JMJD2 proteins, particularly JMJD2B, play significant roles in multiple cancer types. Research approaches using JMJD2 antibodies include:

• Expression analysis in clinical samples:

  • Immunohistochemistry with JMJD2B antibodies can assess expression patterns in cancer tissues

  • Separate scoring of nuclear and cytoplasmic expression provides greater insight

  • Combined analysis with other markers (e.g., JMJD2B with hypoxia marker CA9) can stratify patients into prognostic subgroups

• Mechanistic studies:

  • Investigate transcription factor interactions through co-immunoprecipitation

  • JMJD2B interacts with oncogenic factors like JUN in prostate cancer and is regulated by ERα and HIF-1α in breast cancer

  • Examine how post-translational modifications affect these interactions (e.g., SET7/9-mediated methylation impacts JMJD2B's cooperation with JUN)

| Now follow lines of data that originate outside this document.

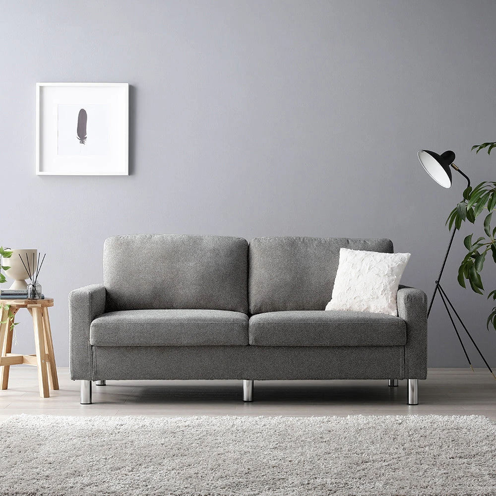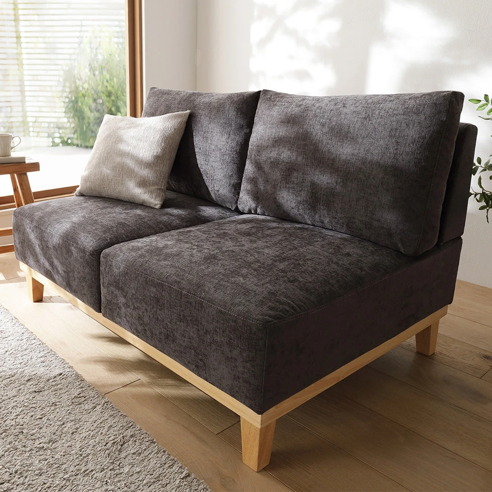 肘のない開放設計で動線を保ち快適にくつろげるファブリックソファ 2人掛け グレー 2人掛け単品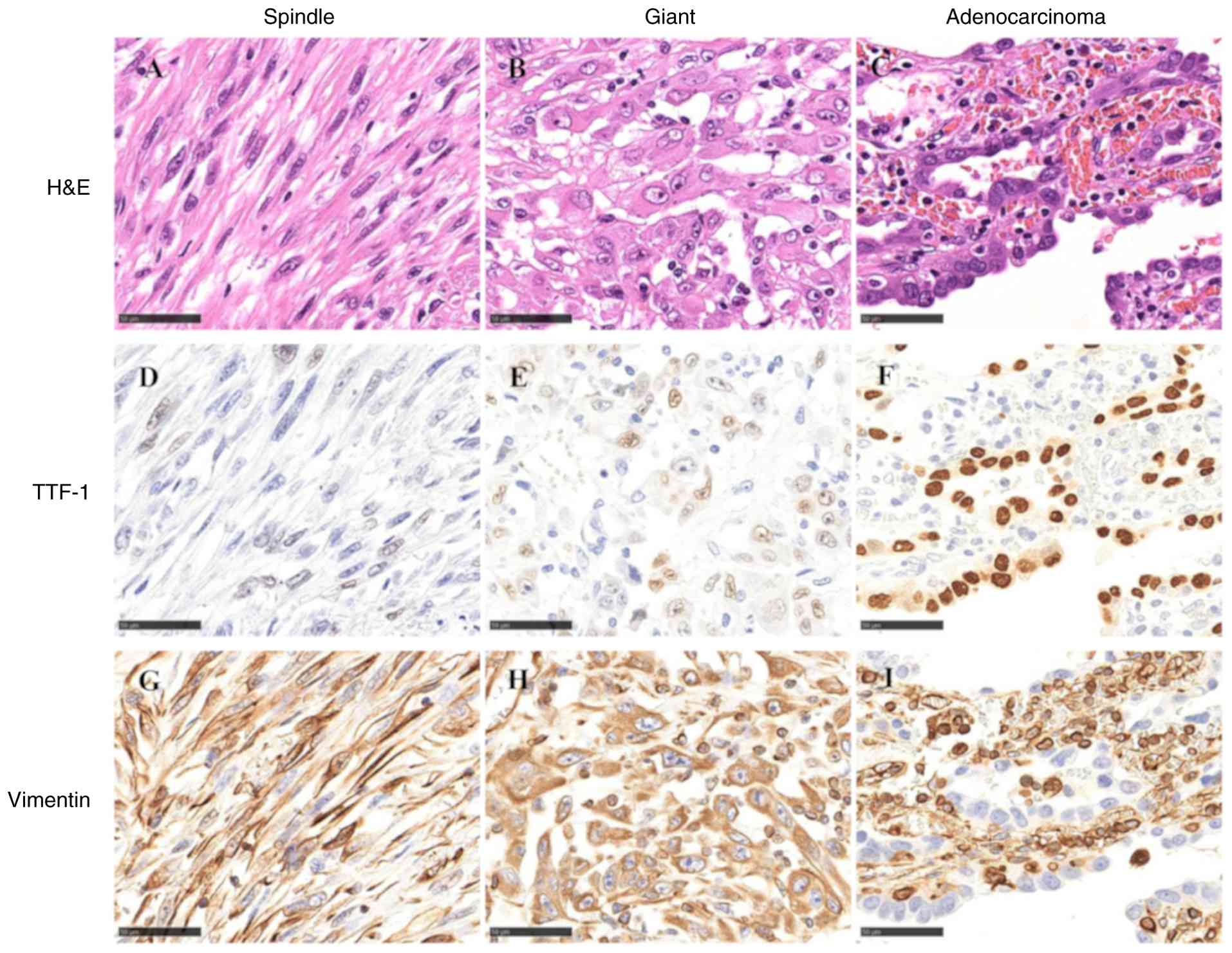Pathological examination of the resected specimen showed the presence of PPC consisting of spindle cell carcinoma (50%), giant cell carcinoma (30%), and adenocarcinoma components (20%) (Fig. 2A-C). Immunohistochemical analysis showed that the spindle cells, giant cells, and adenocarcinoma components (Fig. 2D-F) were weakly positive, weakly positive, and positive, respectively, for thyroid transcription factor-1 (TTF-1) while they were positive, positive, and negative, respectively, for vimentin (Fig. 2G-I). For haematoxylin and eosin staining, surgically resected specimens were fixed in 10% neutral buffered formalin at room temperature for 48 h. Representative tissue samples were selected, embedded in paraffin and sectioned at a thickness of 4 µm. The sections were then deparaffinized in xylene, rehydrated through a graded series of ethanol, and stained with haematoxylin for 5 min and eosin for 2 min at room temperature. Immunohistochemical staining was performed on the 4-µm sections prepared from formalin-fixed, paraffin-embedded tissue. Briefly, antigen retrieval was carried out using citrate buffer (pH 6.0) and endogenous peroxidase blocking was performed with 3% hydrogen peroxide (cat. no. 081-04215; FUJIFILM Wako Pure Chemical Corporation) for 5 min at room temperature. The primary antibodies used were TTF-1 (1:200; for 30 min at room temperature; clone SPT24; cat. no. NCL-L-TTF-1; Leica Biosystems) and vimentin (1:1; for 30 min at room temperature; clone V9; cat. no. 718511; Nichirei Biosciences, Inc.). Histofine® Simple Stain™ MAX PO (MULTI) (1:1; for 30 min at room temperature; cat. no. 424151; Nichirei Biosciences, Inc.) was used as a secondary antibody. Immunoreactivity was visualized using 3,3′-diaminobenzidine, and nuclei were counterstained with haematoxylin. All slides were examined under a light microscope.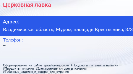 Церковная лавка по адресу Владимирская область, Муром, площадь Крестьянина, 3/3 в дальнейшем Организация, размещена в следующих категориях: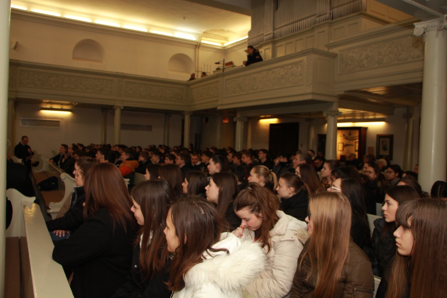 Ezúttal s csendesnapok keretében a Vox Antiqua Kamarakórust hívtuk meg hogy a zene hangjai és a szövegek üzenete „prédikáljon” közöttünk. Kiss Csaba karnagy vezényletével a diákok nagyon izgalmas zenei utat járhattak be a 16. századi Angliától a kortárs amerikai és magyar zeneszerzők művein át Kodály zsoltárfeldolgozásáig. Kovács Gegely kollégánk, a kórus egyik alapítótagja, bibliai szöveggel, versrészletekkel és izgalmas történetekkel egészítette ki a kórusműveket, hogy tizenéveseink még gazdagabb üzenetben részesülhessenek.

• Functional pathway analysis:

  • Combined ChIP and gene expression analysis to identify direct targets

  • JMJD2B epigenetically regulates cell cycle genes (CCND1, CCNA1, WEE1) in breast cancer

  • Use gene expression profiling after JMJD2B manipulation as demonstrated in MCF7 cells

• Response to therapeutic interventions:

  • Monitor changes in JMJD2B levels, localization, and interactions following treatment

  • Assess changes in histone modification patterns at JMJD2B target genes

What methodology should be used to study JMJD2 in stress response pathways?

The involvement of JMJD2 proteins in cellular stress responses, including hypoxia and replication stress, can be investigated through multiple experimental approaches:

• Hypoxia response studies:

  • JMJD2B is regulated by HIF-1α in breast cancer models

  • Experimental design should include:

    • Controlled oxygen conditions (normoxia vs. hypoxia chambers)

    • Time-course analysis to capture dynamic responses

    • Combined immunoprecipitation and western blotting to detect changes in JMJD2B levels, modifications, and interactions

    • ChIP analysis to identify hypoxia-specific genomic targets

• Replication stress response:

  • JMJD2-1.2 appears to be involved in replication stress protection

  • Key methodological considerations include:

    • Treatment with replication stress inducers (e.g., hydroxyurea at 25-50 mM for 16 hours)

    • Assessment of embryonic lethality in model organisms as a phenotypic readout

    • Evaluation of DNA synthesis through markers like Cy3-dUTP incorporation

    • Examination of cell cycle progression through phosphorylated H3 (pH3) expression

• Integrated multiparameter analysis:

  • Combine assessment of:

    • JMJD2 subcellular localization (nuclear vs. cytoplasmic)

    • Enzymatic activity (using fluorometric assays)

    • Target histone modification status

    • Cell cycle and survival markers

This integrated approach allows researchers to connect JMJD2 function directly to cellular outcomes under various stress conditions, providing insight into potential therapeutic targeting strategies.